* INFORMATION PROVIDED
·····

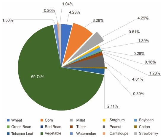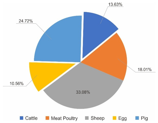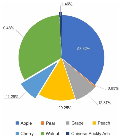 The proportion of each product contributing to the total output value of primary industry was calculated based on their contribution from 2016 to 2020. We used the average value over the five years. The output value for agriculture carried by cultivated land, and agriculture carried by garden land, forestry, animal husbandry, and fishery in W County accounted for 18.24%, 52.47%, 4.30%, 23.15% and 1.84%, respectively, the proportion of internal products is shown in Figure 7, Figure 8 and Figure 9, respectively. All aquatic products in W County were freshwater fish. Forest Production Activities and wood production are contributing to forestry, and their proportions were 75.63% and 24.37%, respectively.
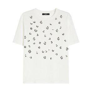 Floral Embroidery Round-Neck Short-Sleeve T-Shirt
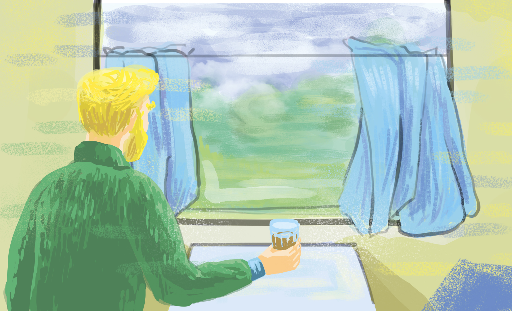 Иллюстрация связанная с уютом поездки в поезде. Картинка греет душу своим колоритом, а также свитером и чаем :) Но чувствуется и усталость, и желание вернуться домой

·····

* TRY IT
Drop the pictures and copy the data exactly.

* WRITTEN SOLUTION
 The proportion of each product contributing to the total output value of primary industry was calculated based on their contribution from 2016 to 2020. We used the average value over the five years. The output value for agriculture carried by cultivated land, and agriculture carried by garden land, forestry, animal husbandry, and fishery in W County accounted for 18.24%, 52.47%, 4.30%, 23.15% and 1.84%, respectively, the proportion of internal products is shown in Figure 7, Figure 8 and Figure 9, respectively. All aquatic products in W County were freshwater fish. Forest Production Activities and wood production are contributing to forestry, and their proportions were 75.63% and 24.37%, respectively.
 Floral Embroidery Round-Neck Short-Sleeve T-Shirt
 Иллюстрация связанная с уютом поездки в поезде. Картинка греет душу своим колоритом, а также свитером и чаем :) Но чувствуется и усталость, и желание вернуться домой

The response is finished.